■ **Task requirements**:
For this exercise, copy the data exactly and omit any images.

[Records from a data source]
============
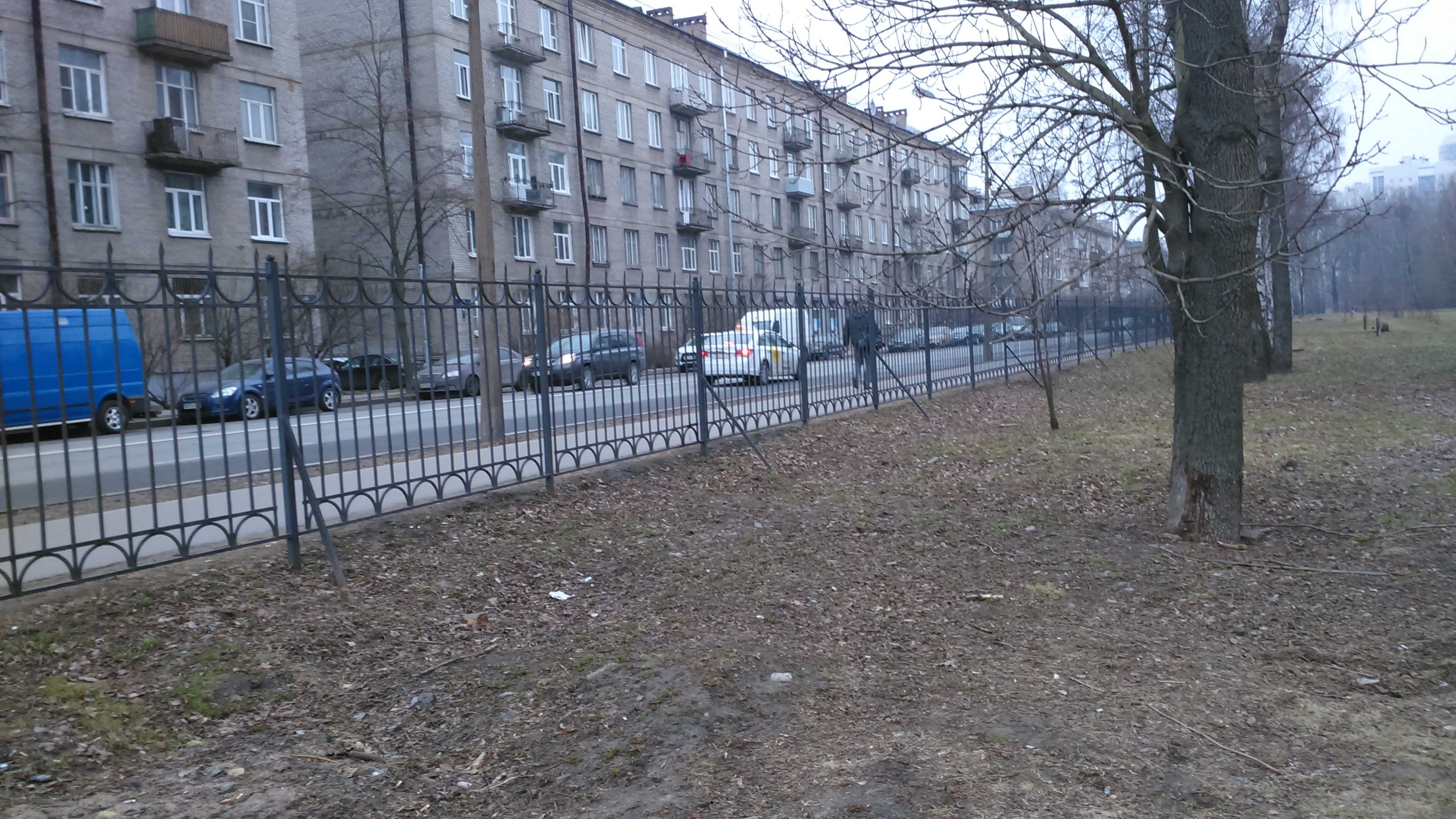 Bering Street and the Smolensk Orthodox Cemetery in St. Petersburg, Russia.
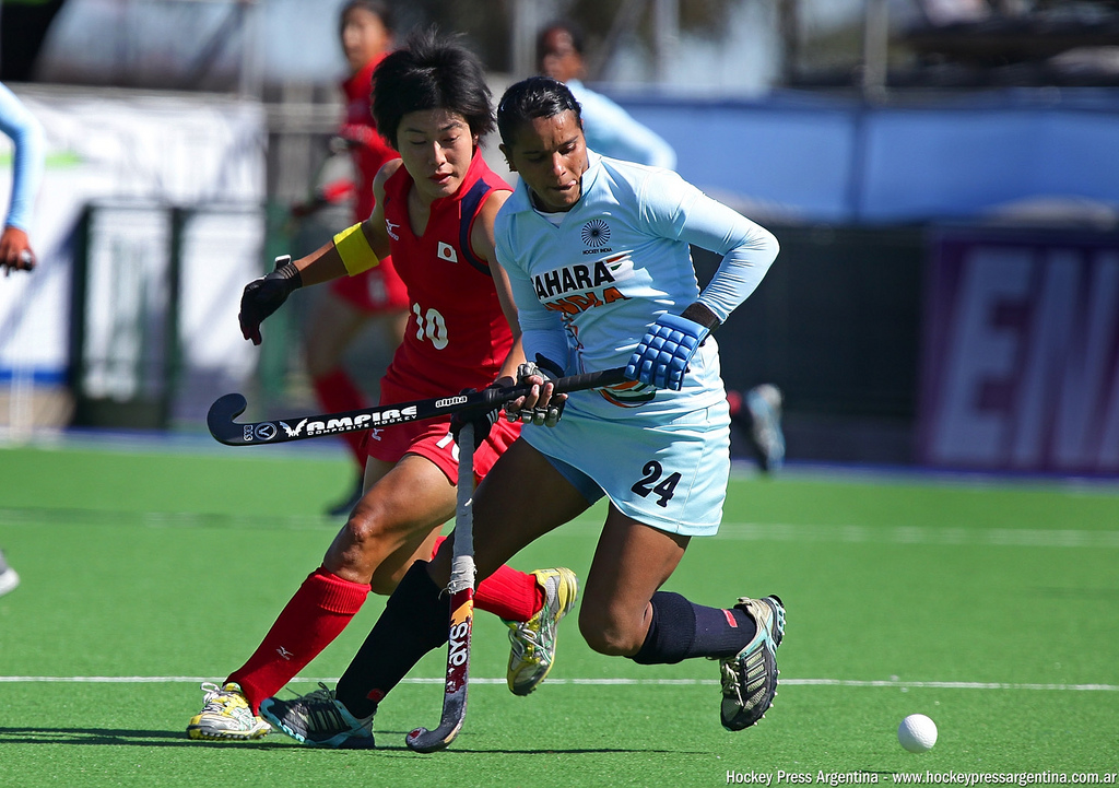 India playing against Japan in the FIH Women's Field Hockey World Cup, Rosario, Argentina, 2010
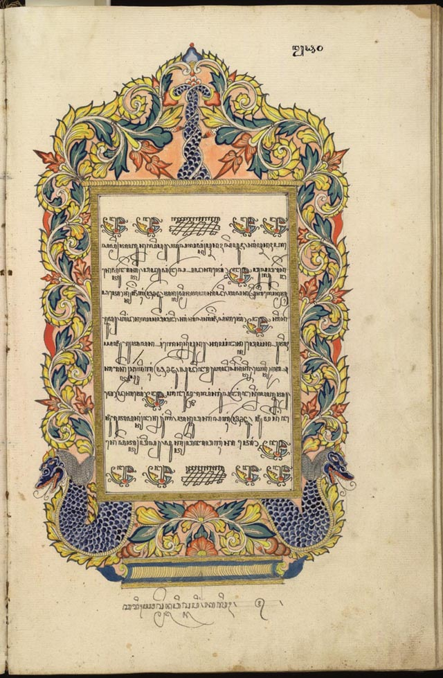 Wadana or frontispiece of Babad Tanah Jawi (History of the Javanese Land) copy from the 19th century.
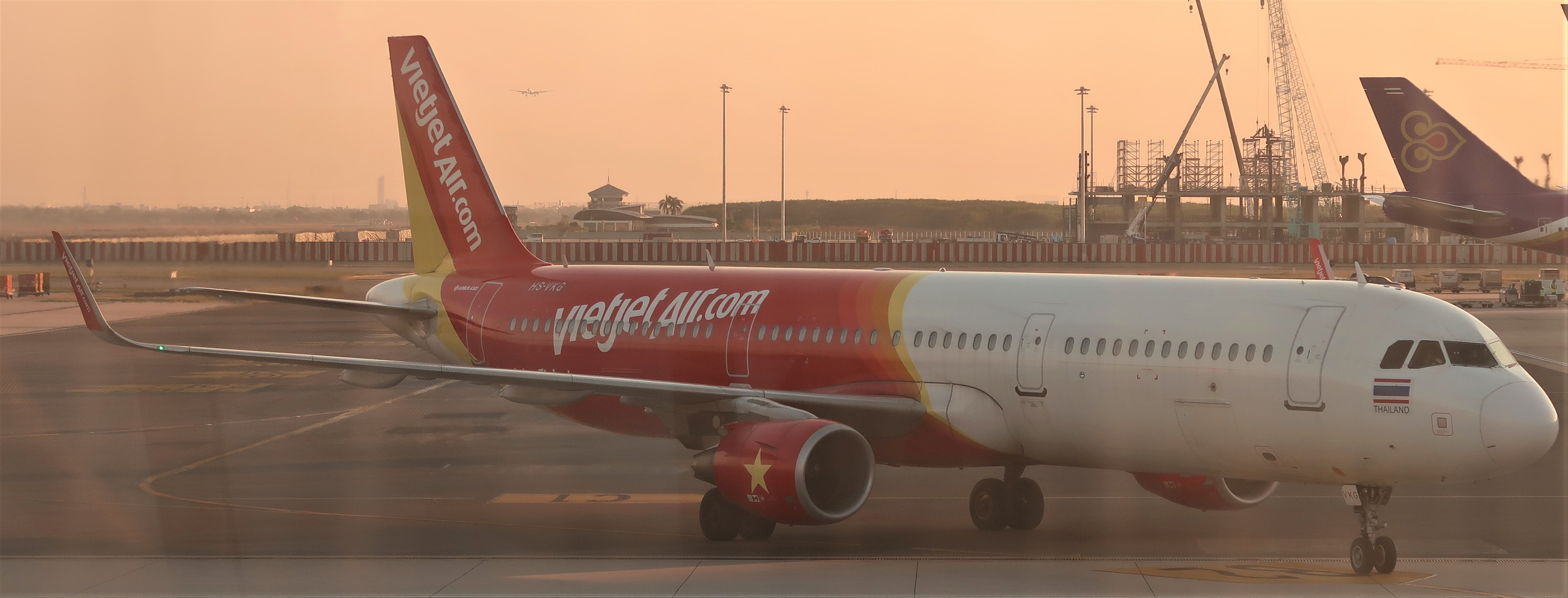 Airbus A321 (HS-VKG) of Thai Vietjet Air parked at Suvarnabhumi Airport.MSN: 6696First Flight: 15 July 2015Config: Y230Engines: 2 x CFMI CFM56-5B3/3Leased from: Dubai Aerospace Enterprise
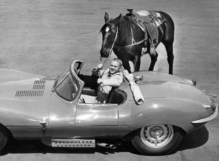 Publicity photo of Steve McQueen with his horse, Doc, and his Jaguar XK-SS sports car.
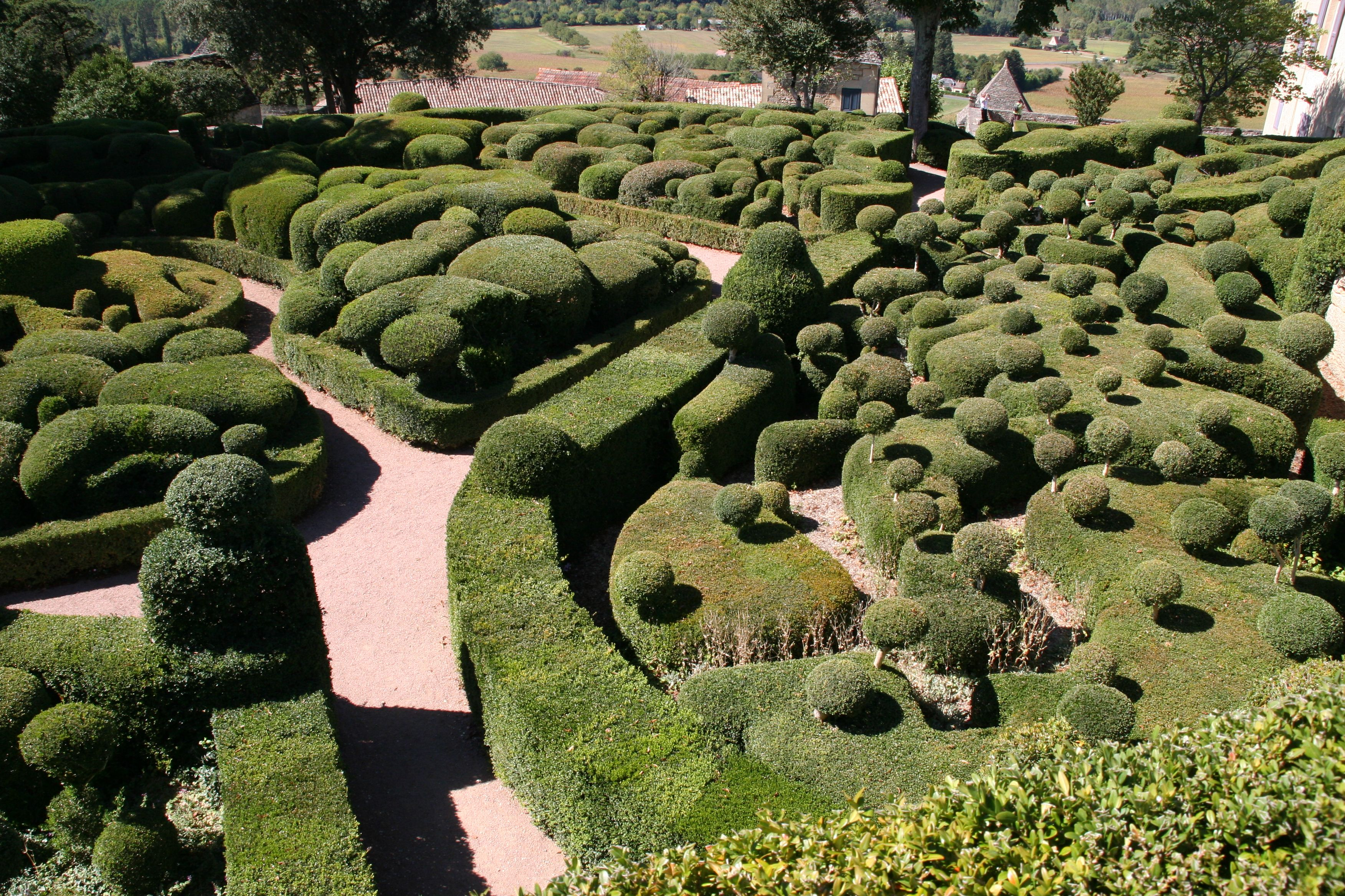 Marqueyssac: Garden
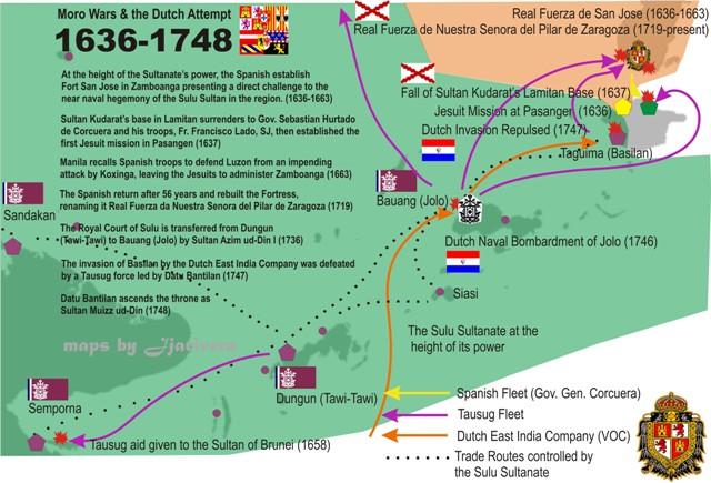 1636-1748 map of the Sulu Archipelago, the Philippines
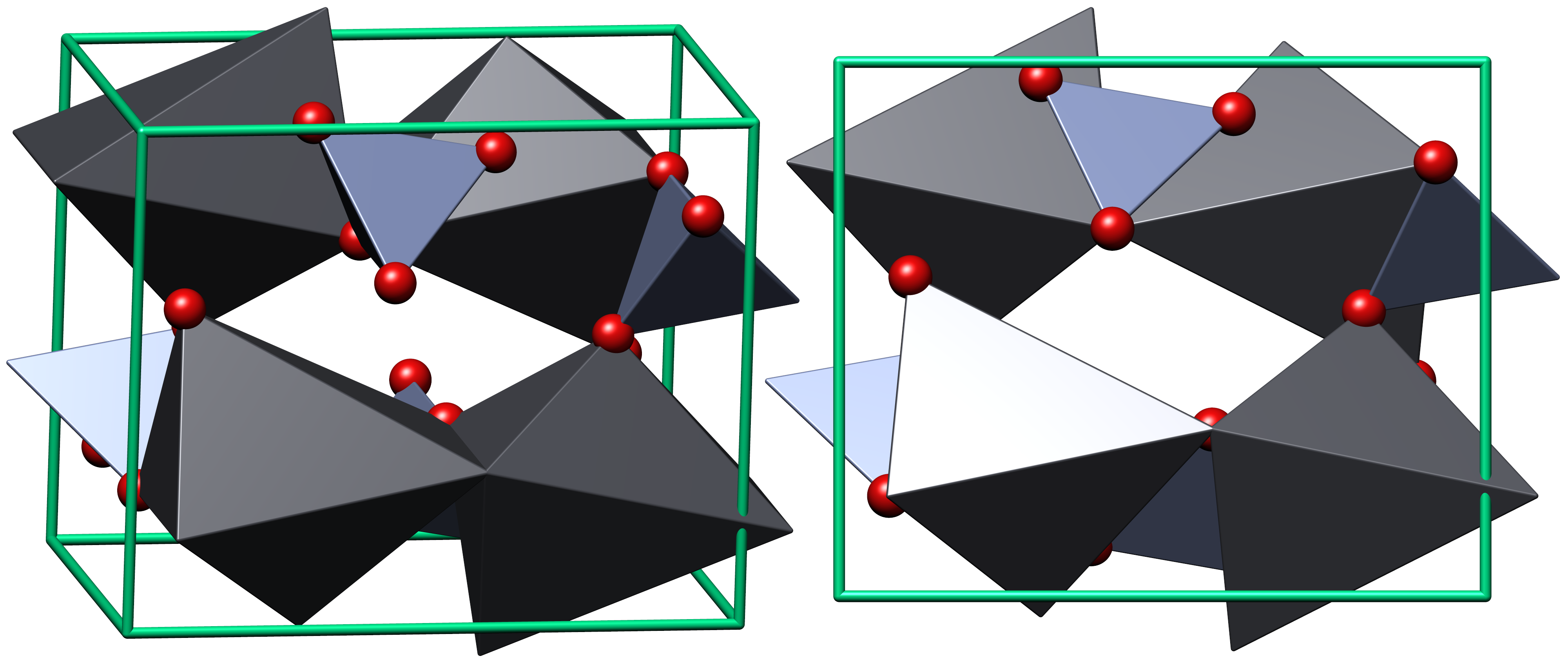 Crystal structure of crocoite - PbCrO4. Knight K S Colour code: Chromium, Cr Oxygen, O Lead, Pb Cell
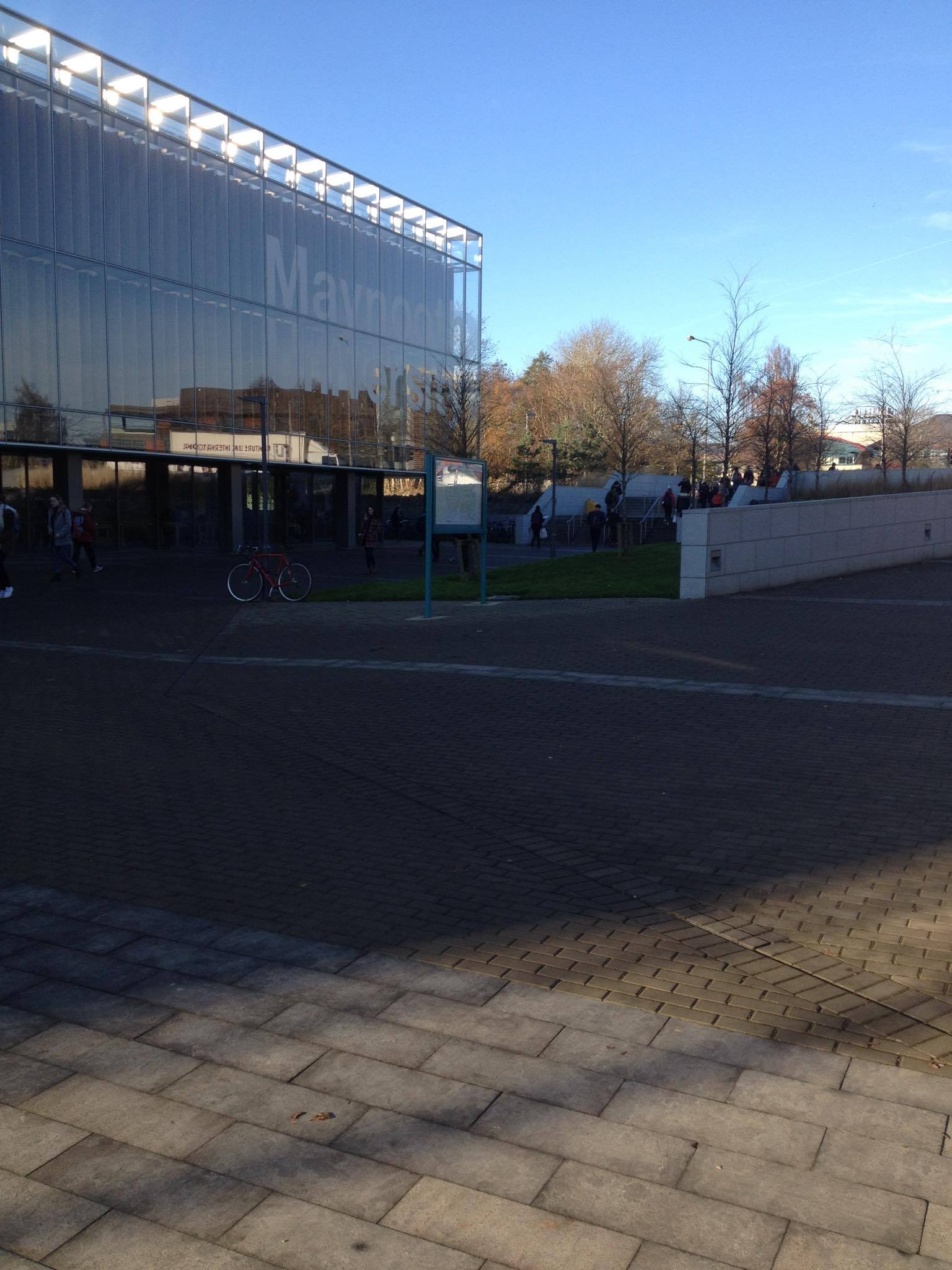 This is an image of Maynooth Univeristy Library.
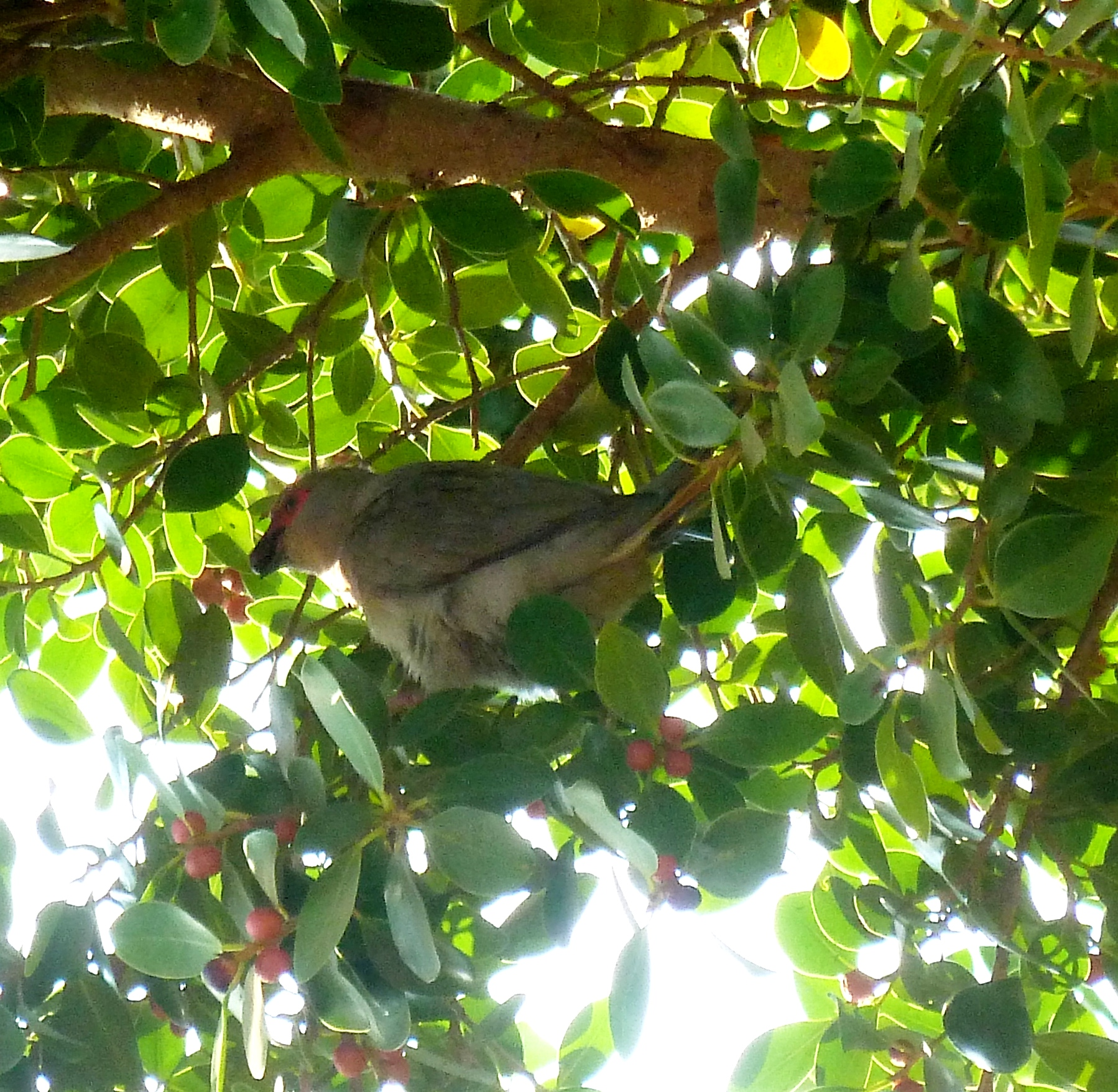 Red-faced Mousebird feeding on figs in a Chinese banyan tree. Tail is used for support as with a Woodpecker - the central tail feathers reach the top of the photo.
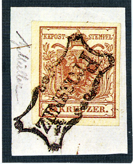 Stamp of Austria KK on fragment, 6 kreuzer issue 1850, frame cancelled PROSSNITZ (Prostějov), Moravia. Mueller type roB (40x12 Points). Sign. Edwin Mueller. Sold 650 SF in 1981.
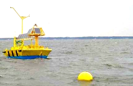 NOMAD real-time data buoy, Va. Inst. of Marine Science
============
■ **Solution below**:
 Bering Street and the Smolensk Orthodox Cemetery in St. Petersburg, Russia.
 India playing against Japan in the FIH Women's Field Hockey World Cup, Rosario, Argentina, 2010
 Wadana or frontispiece of Babad Tanah Jawi (History of the Javanese Land) copy from the 19th century.
 Airbus A321 (HS-VKG) of Thai Vietjet Air parked at Suvarnabhumi Airport.MSN: 6696First Flight: 15 July 2015Config: Y230Engines: 2 x CFMI CFM56-5B3/3Leased from: Dubai Aerospace Enterprise
 Publicity photo of Steve McQueen with his horse, Doc, and his Jaguar XK-SS sports car.
 Marqueyssac: Garden
 1636-1748 map of the Sulu Archipelago, the Philippines
 Crystal structure of crocoite - PbCrO4. Knight K S Colour code: Chromium, Cr Oxygen, O Lead, Pb Cell
 This is an image of Maynooth Univeristy Library.
 Red-faced Mousebird feeding on figs in a Chinese banyan tree. Tail is used for support as with a Woodpecker - the central tail feathers reach the top of the photo.
 Stamp of Austria KK on fragment, 6 kreuzer issue 1850, frame cancelled PROSSNITZ (Prostějov), Moravia. Mueller type roB (40x12 Points). Sign. Edwin Mueller. Sold 650 SF in 1981.
 NOMAD real-time data buoy, Va. Inst. of Marine Science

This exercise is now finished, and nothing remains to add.